_Dataset records_:
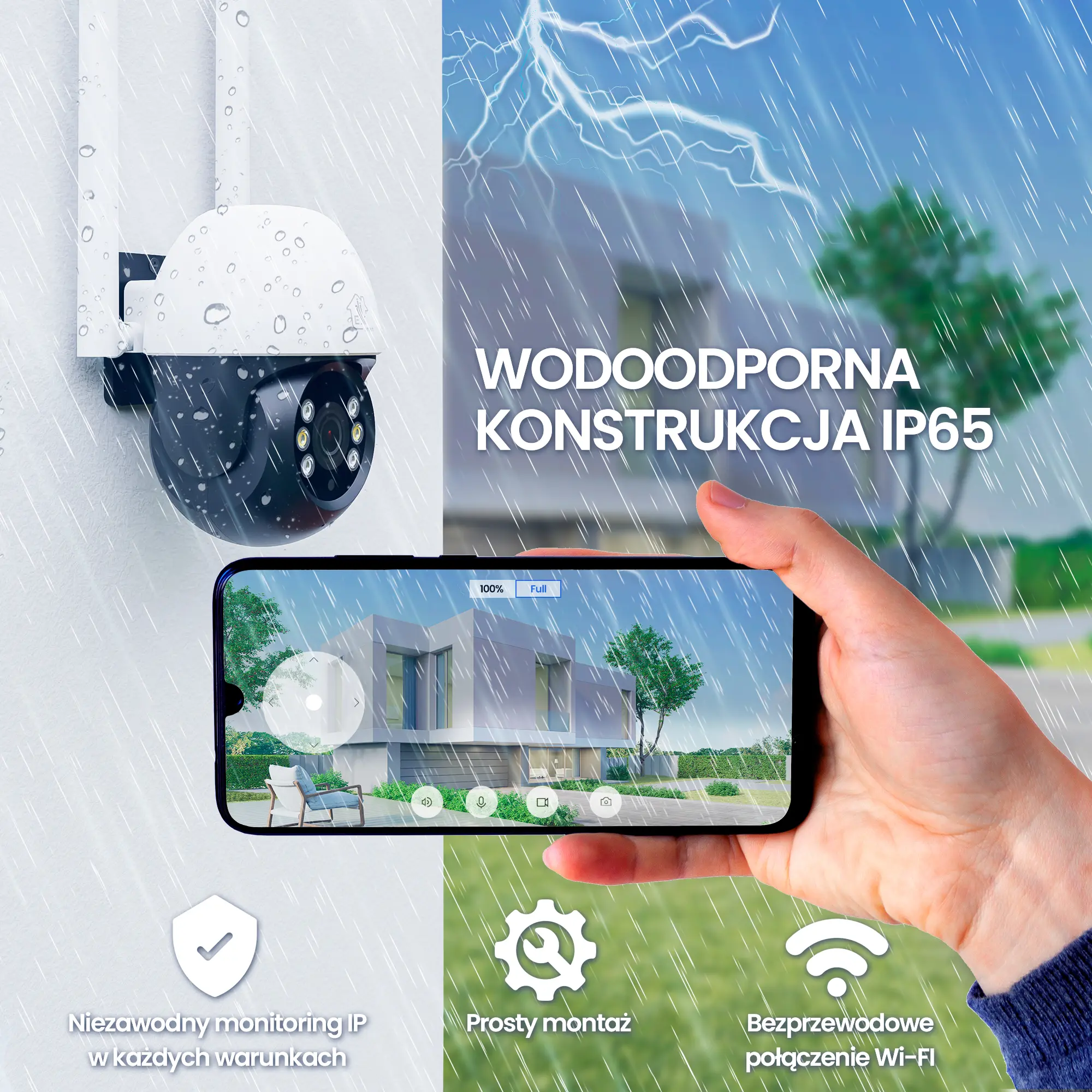 Kamera bezprzewodowa wifi posiada wodoodporną konstrukcję IP65 (klasa szczelności), która całkowicie zapobiega przedostawaniu się kurzu i wody. Kamera wifi ip może pracować bez zarzutu na zewnątrz, niezależnie od ulewnego deszczu czy ekspozycji na słońce. Nie musisz się martwić, że deszcz i śnieg wpłyną na jakość obrazu.
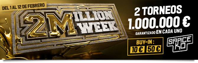 La 2 Million Week entra en su fase decisiva. Los torneos principales, con buy-ins de 10 € y 50 €, mantienen un garantizado de 1.000.000 € en cada uno y ya se ha alcanzado el ecuador del festival.
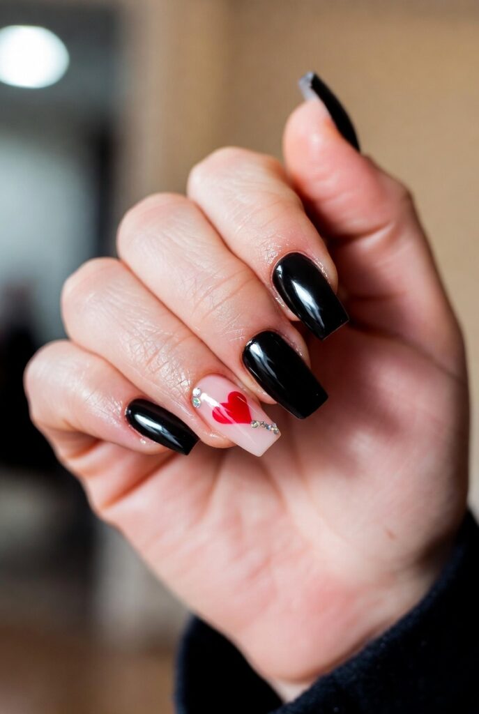 Black nails bring a bold twist to classic Valentines Nails Ideas. In Valentine’s Day nail designs 2026, black bases with red hearts, pink accents, or glossy finishes are trending. This style feels modern, confident, and slightly edgy while still keeping romantic vibes. Black Valentine nails are perfect for people who like unique and statement looks. You can balance the bold color with minimal heart designs or soft details. These trendy Valentine nails are ideal for confident personalities who love standout romantic nail art ideas.
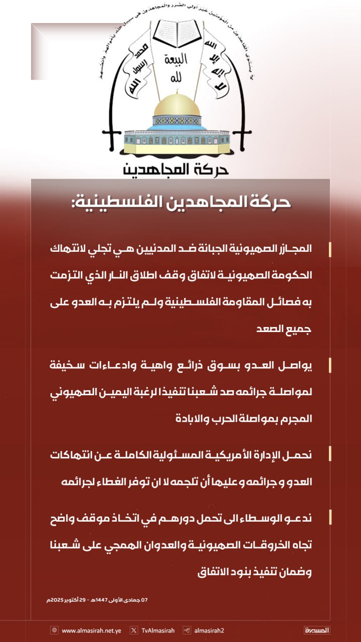 العنوان:حركة المجاهدين: المجازر الصهيونية تجلٍّ لانتهاك الاحتلال اتفاق وقف إطلاق النار
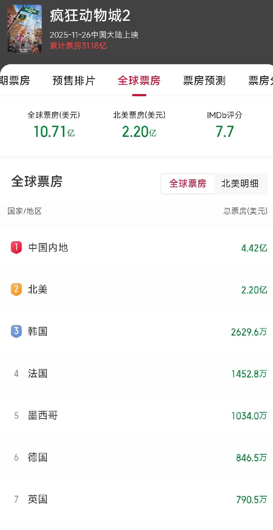 《疯狂动物城2》中国票房表现让好莱坞彻底慌了! 这部动画在内地狂揽31.18亿人民币(约4.42亿美元),不仅是北美2.20亿票房的2倍,更让中国首次成为好莱坞大片的“全球第一票仓”——全球10.71亿总票房里,中国占了近42%。单日7.38亿的成绩,甚至打破《复联4》垄断6年的进口片纪录,影院临时扩招员工、衍生品被抢空的盛况,让冷清的院线秒回春节档。 放在好莱坞对华票房缩水70%的背景里,这组数据更扎眼:今年此前的好莱坞大片《侏罗纪世界:新生代》中国票房仅5.67亿,而《疯狂动物城2》直接把进口片天花板抬到40亿级别。外媒集体惊呼“破纪录”,Reddit上北美网友酸言酸语:“中国一天票房抵我们一部超英片总收入”。 更让好莱坞慌的是“权力转移”:过去北美市场决定影片生死,如今《疯狂动物城2》的成败,要看中国观众买不买账。迪士尼CEO飞赴上海站台、片尾彩蛋埋东方元素,本质是在认账——中国不再是“海外补充”,而是必须讨好的“关键战场”。 毕竟他们清楚:不是中国市场不行了,是平庸的好莱坞片不行了。而《疯狂动物城2》的爆火,不过是给所有投机者上了一课:想赚中国的钱,先拿出配得上中国审美的诚意。

_About this exercise_:
Drop the pictures; repeat the listing above exactly.

_Finished exercise_:
 Kamera bezprzewodowa wifi posiada wodoodporną konstrukcję IP65 (klasa szczelności), która całkowicie zapobiega przedostawaniu się kurzu i wody. Kamera wifi ip może pracować bez zarzutu na zewnątrz, niezależnie od ulewnego deszczu czy ekspozycji na słońce. Nie musisz się martwić, że deszcz i śnieg wpłyną na jakość obrazu.
 La 2 Million Week entra en su fase decisiva. Los torneos principales, con buy-ins de 10 € y 50 €, mantienen un garantizado de 1.000.000 € en cada uno y ya se ha alcanzado el ecuador del festival.
 Black nails bring a bold twist to classic Valentines Nails Ideas. In Valentine’s Day nail designs 2026, black bases with red hearts, pink accents, or glossy finishes are trending. This style feels modern, confident, and slightly edgy while still keeping romantic vibes. Black Valentine nails are perfect for people who like unique and statement looks. You can balance the bold color with minimal heart designs or soft details. These trendy Valentine nails are ideal for confident personalities who love standout romantic nail art ideas.
 العنوان:حركة المجاهدين: المجازر الصهيونية تجلٍّ لانتهاك الاحتلال اتفاق وقف إطلاق النار
 《疯狂动物城2》中国票房表现让好莱坞彻底慌了! 这部动画在内地狂揽31.18亿人民币(约4.42亿美元),不仅是北美2.20亿票房的2倍,更让中国首次成为好莱坞大片的“全球第一票仓”——全球10.71亿总票房里,中国占了近42%。单日7.38亿的成绩,甚至打破《复联4》垄断6年的进口片纪录,影院临时扩招员工、衍生品被抢空的盛况,让冷清的院线秒回春节档。 放在好莱坞对华票房缩水70%的背景里,这组数据更扎眼:今年此前的好莱坞大片《侏罗纪世界:新生代》中国票房仅5.67亿,而《疯狂动物城2》直接把进口片天花板抬到40亿级别。外媒集体惊呼“破纪录”,Reddit上北美网友酸言酸语:“中国一天票房抵我们一部超英片总收入”。 更让好莱坞慌的是“权力转移”:过去北美市场决定影片生死,如今《疯狂动物城2》的成败,要看中国观众买不买账。迪士尼CEO飞赴上海站台、片尾彩蛋埋东方元素,本质是在认账——中国不再是“海外补充”,而是必须讨好的“关键战场”。 毕竟他们清楚:不是中国市场不行了,是平庸的好莱坞片不行了。而《疯狂动物城2》的爆火,不过是给所有投机者上了一课:想赚中国的钱,先拿出配得上中国审美的诚意。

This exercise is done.